The first problem in this thesis is the multi-commodity pickup and delivery problem (m-PDP), which is a generalization of the VRPPD that considers multiple and varied commodities that require picking up from and delivering to each store. In this problem, the shortage of commodities at each store must be replenished, and the any leftover stock must be transported to the warehouse or to other stores where it is needed. The retailer provides a set of homogeneous vehicles with known capacity to satisfy the requests. Each store can be visited at most once by a single vehicle. The objective is to minimize the total traveling cost. We introduce a mixed integer linear programming model and implement a branch-and-price-cut algorithm to solve this problem optimally. Experiments demonstrate that the branch-and-price-cut algorithm can solve the instances efficiently. In addition, we also developed a heuristic method to solve the m-PDP, including a construction procedure and a tour improvement procedure. We applied three different construction heuristics to find initial solutions. A tour improvement algorithm based on the variable neighborhood search (VNS) method is introduced. Finally, the computational results show that our heuristic is able to obtain a near optimal solution with much less computation effort than the branch-and-price-and-cut algorithm.

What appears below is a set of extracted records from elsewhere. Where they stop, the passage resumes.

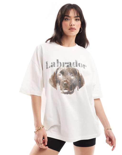 ASOS DESIGN – Kremowy gruby T-shirt o fasonie boyfriend z grafiką z labradorem
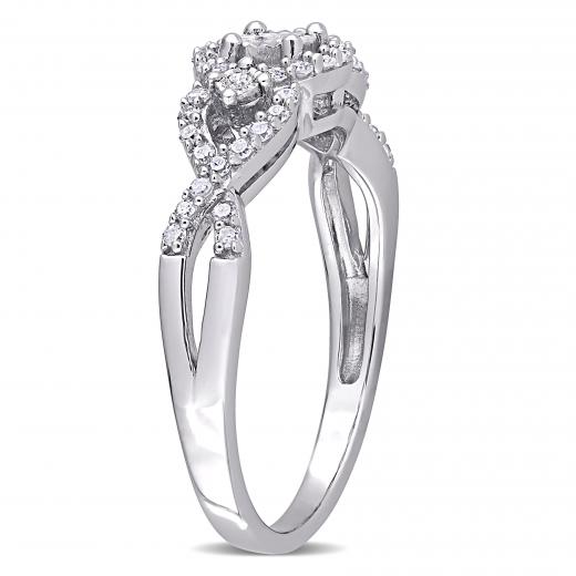 This extraordinary infinity halo engagement ring is crafted in luminous sterling silver. This gorgeous crossover wedding ring features 45 round-cut diamonds beautifully set in a unique pattern. Whether worn as a promise ring, engagement ring or simply a dainty diamond addition, this diamond ring is sure to make a beautiful versatile addition to any jewelry collection. Add glittering elegance to your ensemble and look stunning.
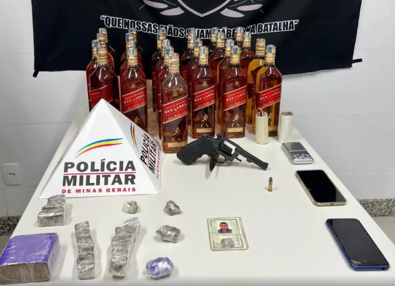 Na operação, foram encontrados um revólver calibre 38, um cartucho do mesmo calibre, uma barra e 22 porções de maconha, uma balança de precisão, dois celulares, R$ 200 em dinheiro e 25 garrafas de uísque.
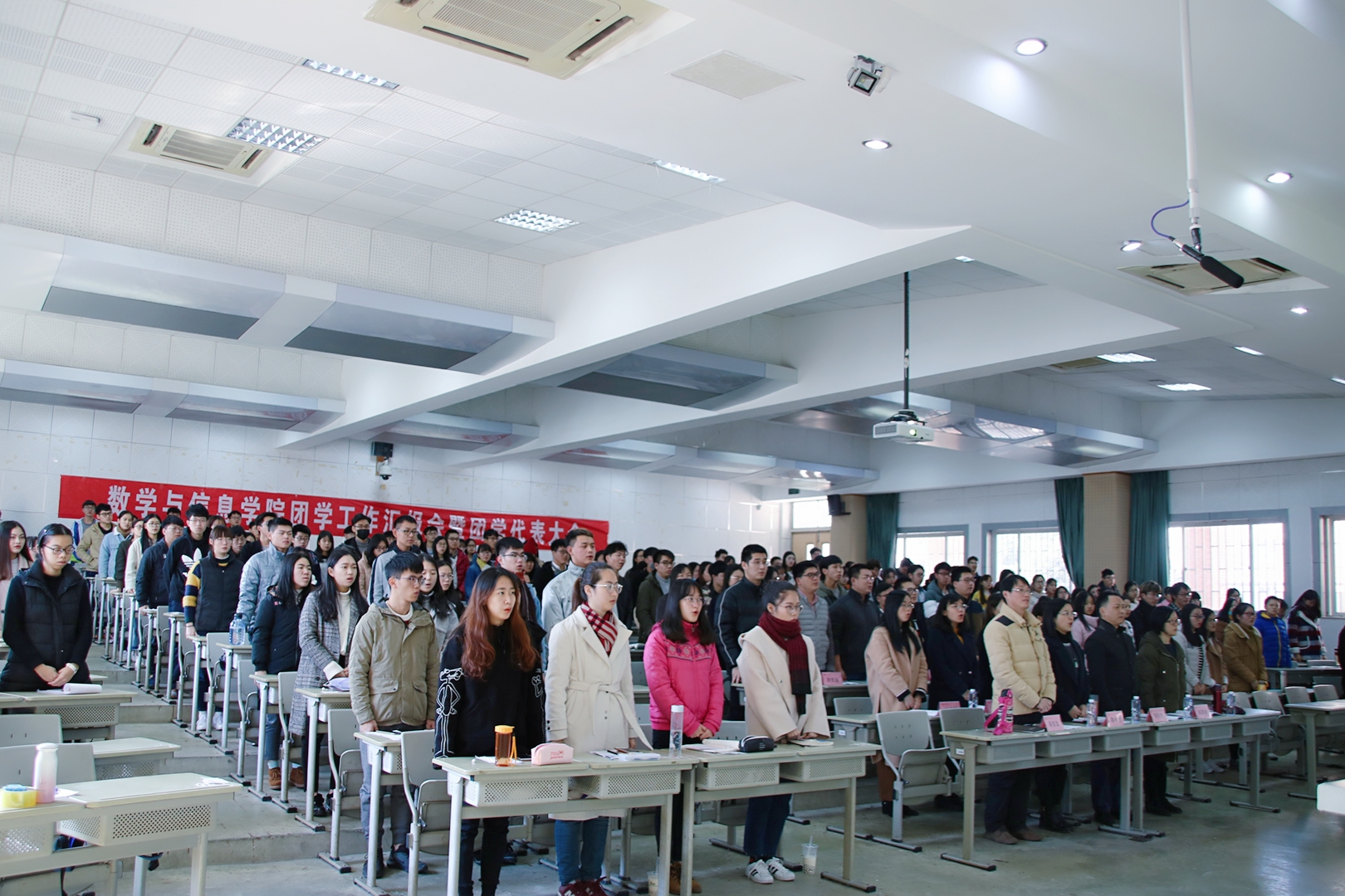 1 月 10 日下午,数学与信息学院 2017—2018 学年第一学期团学工作汇报会暨团学代表大会在知明 2—202 举行。学院党委副书记张兆文老师,学院团委书记陈林婕老师,各年级辅导员以及全体学生干部共200多人出席了此次大会。
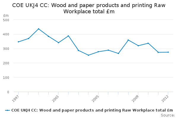Download this time seriesCOE UKJ4 CC: Wood and paper products and printing Raw Workplace total £m
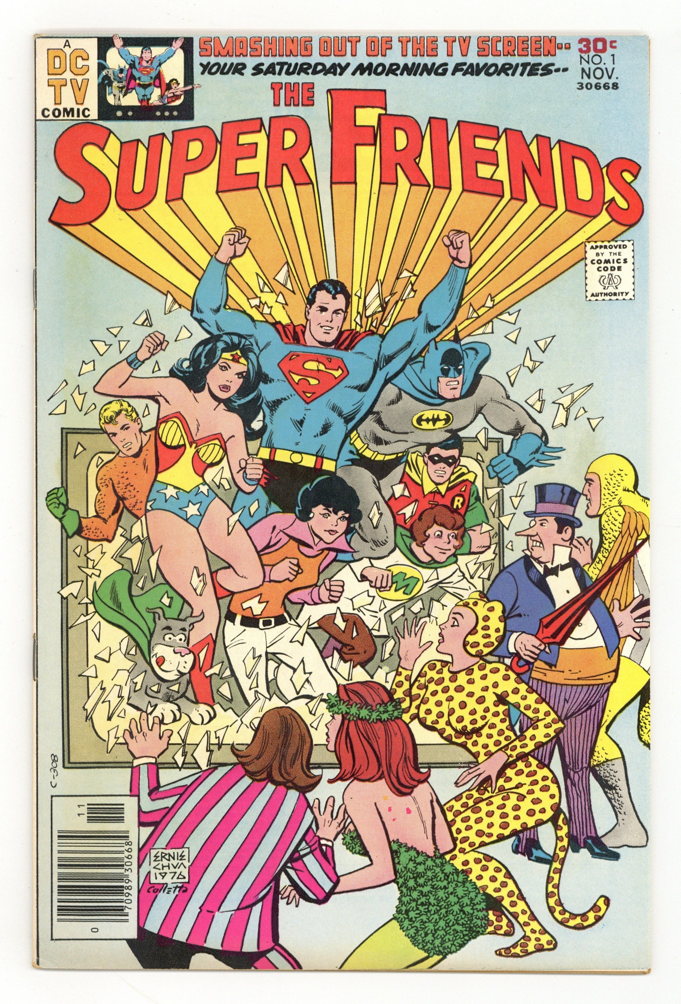 Starts Feb 9 "The Fury of the Super Foes." Aquaman, Batman, Robin, Superman and Wonder Woman attempt to prevent Penguin, Poison Ivy, Cheetah, and others from stealing the components of a super robot. The Super Friends, which are essentially a watered down version of the Justice League, appeared in the Saturday morning animated series of the same name. Script by E. Nelson Bridwell, pencils by Ric Estrada and Joe Orlando, inks by Vince Colletta. Cover by Ernie Chua. Cover price $0.30.

The second problem is the multi-commodity pickup and delivery problem with inventory scheduling (m-PDPIS), which is an extension of the first problem by considering inventory holding cost of each store and warehouse. In this problem, the stores provide or require known amounts of m different commodities, and each vehicle has a known capacity. Each store can be visited at most once by one vehicle to serve its demands. It is assumed that a unit of commodity collected from a store can be supplied to any other store where it is required. Unlike the first problem, the commodities are allowed to remain at the store by considering the inventory cost and store capacity. The objective is to minimize the total cost, including the vehicle traveling cost, store inventory cost, and depot operation cost. We introduce a mixed integer linear programming model for the m-PDPIS, describe valid inequalities to strengthen the linear programming relaxation of the model, and detail separation procedures to develop a branch-and-cut algorithm. Finally, computational experiments are shown.